- Grabo Location in Ivory Coast
- Coordinates: 4°55′N 7°30′W﻿ / ﻿4.917°N 7.500°W
- Country: Ivory Coast
- District: Bas-Sassandra
- Region: San-Pédro
- Department: Tabou

Population (2014)
- • Total: 39,181
- Time zone: UTC+0 (GMT)

= Grabo, Ivory Coast =

Grabo is a town in south-western Ivory Coast. It is a sub-prefecture and commune of Tabou Department in San-Pédro Region, Bas-Sassandra District. The town is three kilometres east of the Cavally River, which forms the border with Liberia.

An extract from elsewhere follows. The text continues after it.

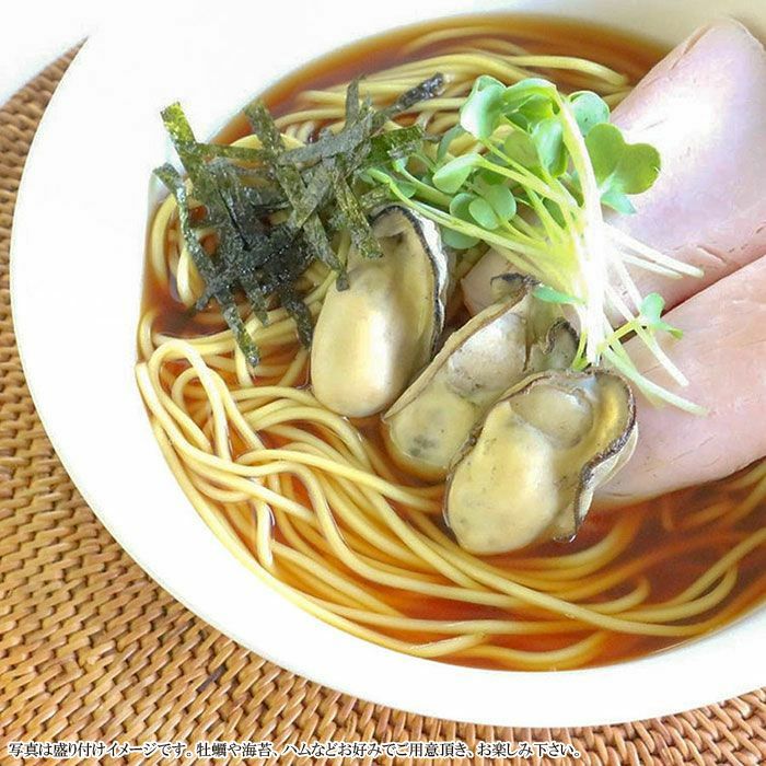 ご家庭でもお鍋ひとつで簡単に本格的なラーメンの味をお楽しみいただけます。麺づくり一筋70余年、「麺が旨い」と評判です!竿掛けした麺線を一昼夜、冷風乾燥させながら素材の旨みやのどごしの良さを引き出す特別製法で仕上げた「半生熟成中華麺」。麺は2種類の一等粉と全卵を使用したのど越しの良い熟成半生麺(中細タイプ)を使用。醤油をベースに広島県産の牡蠣を用いたエキスで風味を引き立て、ポークオイルで味を調えた味わい深いラーメンスープに仕上げています。お好みで牡蠣やハム、海苔などをご用意いただき、トッピングして頂くとより美味しくお召し上がりいただけます。

In 2014, the population of the sub-prefecture of Grabo was 39,181.

==Villages==
The nineteen villages of the sub-prefecture of Grabo and their population in 2014 are:

1. Déblablai (1 080)
2. Djimané (103)
3. Dougbo (317)
4. Fêtè (518)
5. Gbapet (2 729)
6. Grabo (8 980)
7. Négbatchi (6 139)
8. Nouin (349)
9. Siahé (1 618)
10. Gbahiro (748)
11. Gnato (12 803)
12. Guikla (119)
13. Ouesséto (163)
14. Podoué (1 295)
15. Sioulo (324)
16. Soklodogba (501)
17. Soto (950)
18. Tiboto (221)
19. Woté (224)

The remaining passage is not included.